**Description of the task**. Copy, word for word, the opening line of the data and each line after it until the line that contains "# ls -la /etc/cron.hourly", which is included. Leave the pictures out.
------------
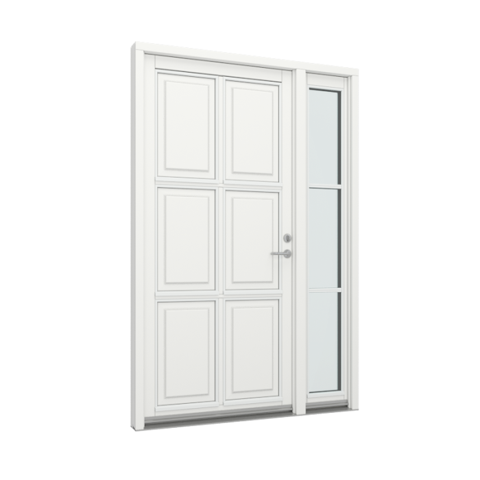 dør med 2x3 fyldninger, samt sideparti med 3 glasfelter (TR-DP-23F-13-T-IN)
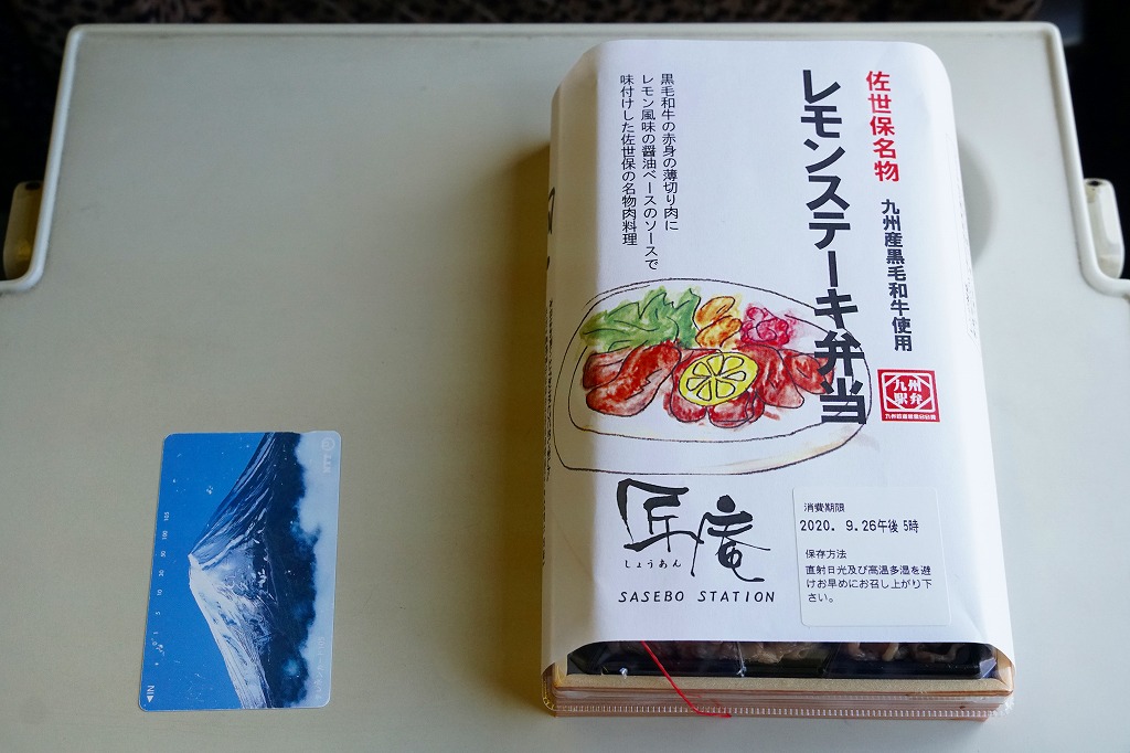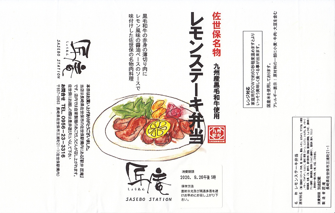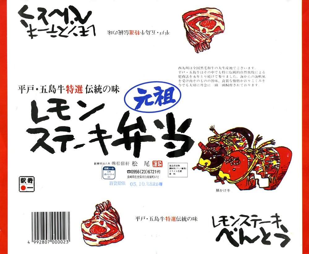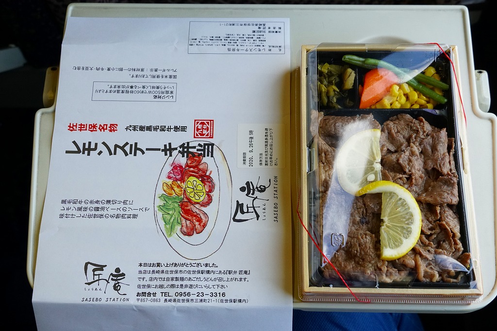 レモンステーキとは、この駅弁の調製元が佐世保市内で1955(昭和30)年に創業した食堂「れすとらん門」で、その開店当時あるいは昭和40年頃に考案されたメニューだという。厚切り肉ではなく日本人に合いそうなすき焼き肉を使い、レモンを使った醤油ベースのソースをかけたもの。地域の特産品によらないご当地グルメの中では、佐世保では佐世保バーガーに次ぐ支持を集めている感じ。
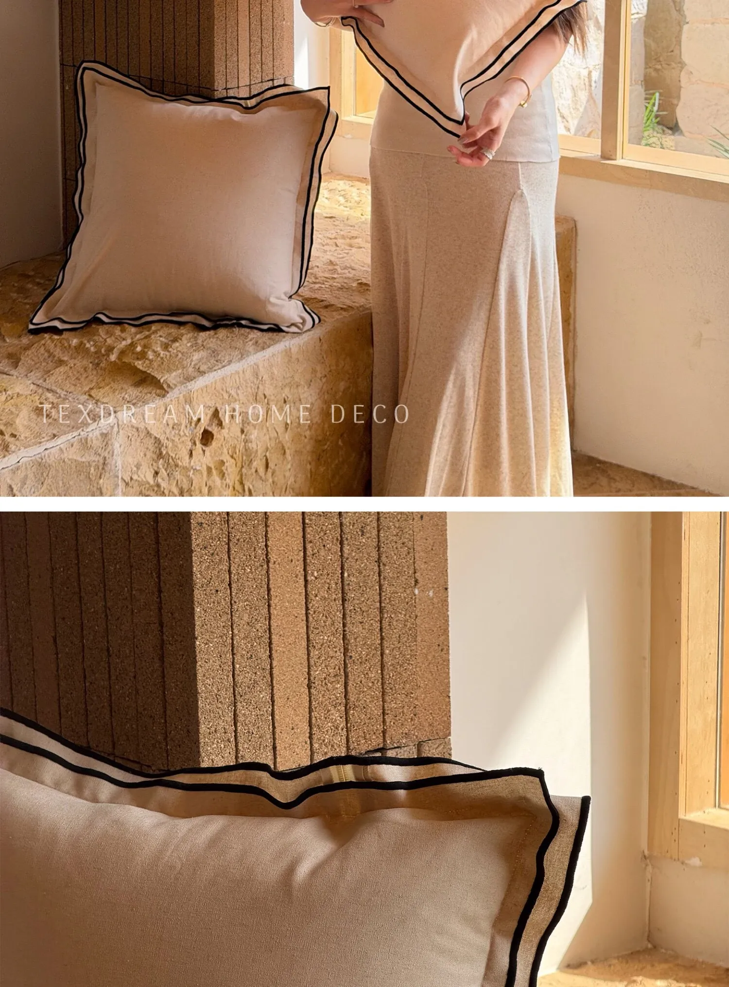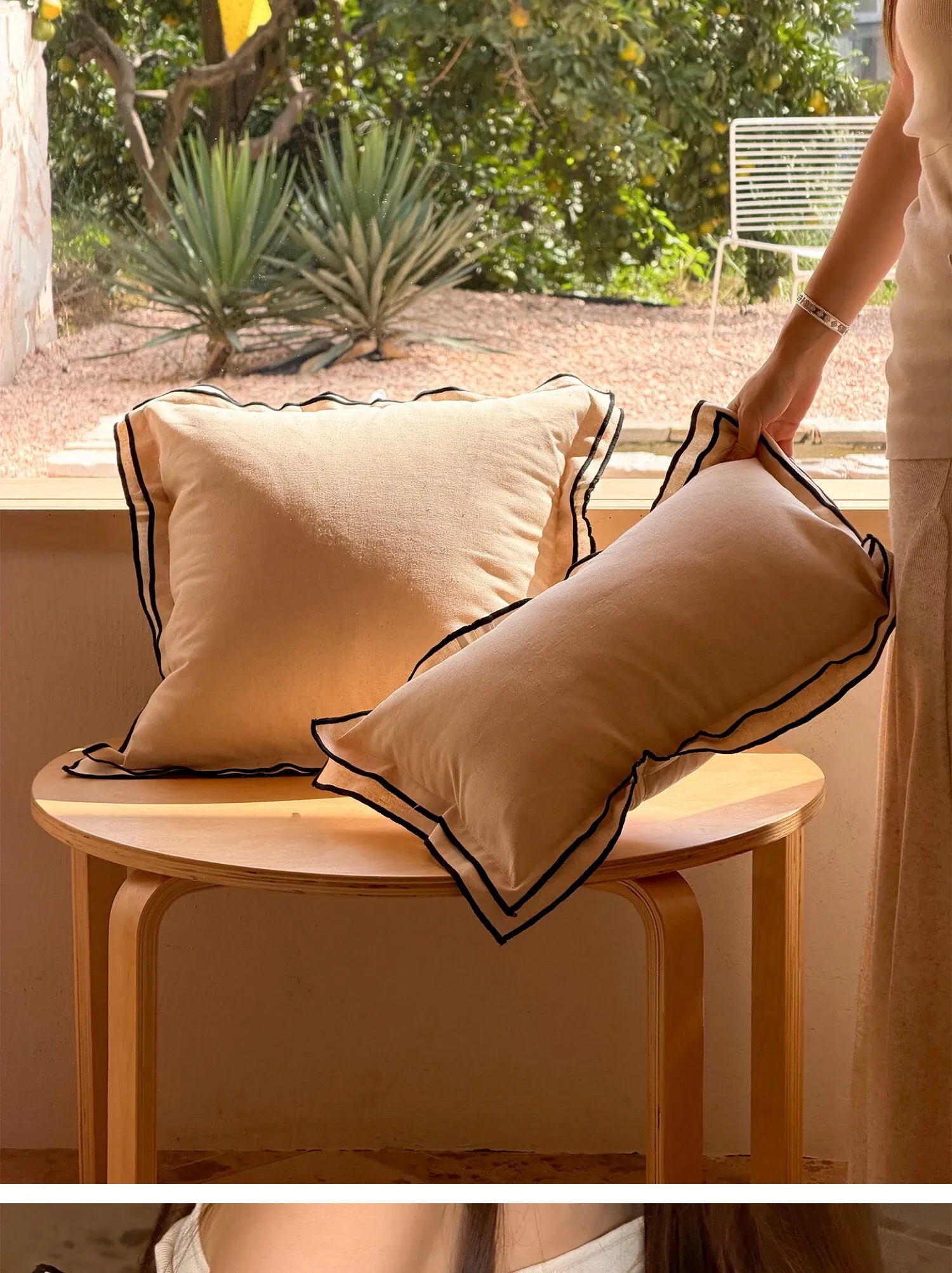 17.72in*17.72in | Double Layer Black Edge Linen Pillow]
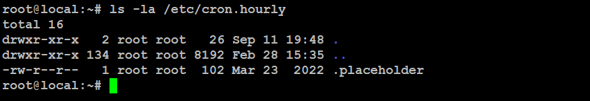 # ls -la /etc/cron.hourly
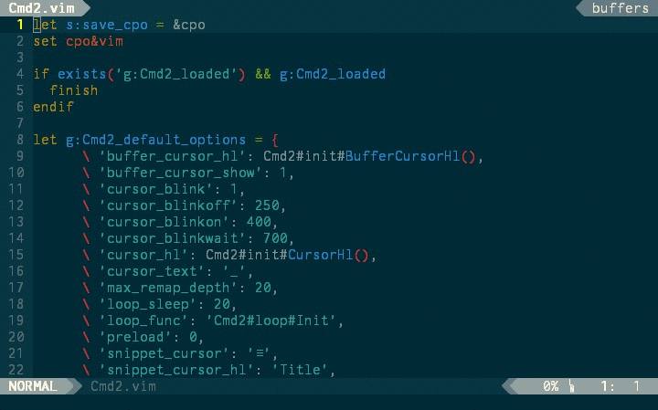 As Cmd2 renders the cmdline and menu using echo, there might be flickering. Changing the g:Cmd2_loop_sleep variable will have different effects depending on the terminal used. In general, a lower value should result in less flickering. Otherwise, setting g:Cmd2_cursor_blink to 0 will turn off the cursor blink, which will result in no re-rendering and hence no flickering.
------------
**Result of the exercise**.
 dør med 2x3 fyldninger, samt sideparti med 3 glasfelter (TR-DP-23F-13-T-IN)
 レモンステーキとは、この駅弁の調製元が佐世保市内で1955(昭和30)年に創業した食堂「れすとらん門」で、その開店当時あるいは昭和40年頃に考案されたメニューだという。厚切り肉ではなく日本人に合いそうなすき焼き肉を使い、レモンを使った醤油ベースのソースをかけたもの。地域の特産品によらないご当地グルメの中では、佐世保では佐世保バーガーに次ぐ支持を集めている感じ。
 17.72in*17.72in | Double Layer Black Edge Linen Pillow]
 # ls -la /etc/cron.hourly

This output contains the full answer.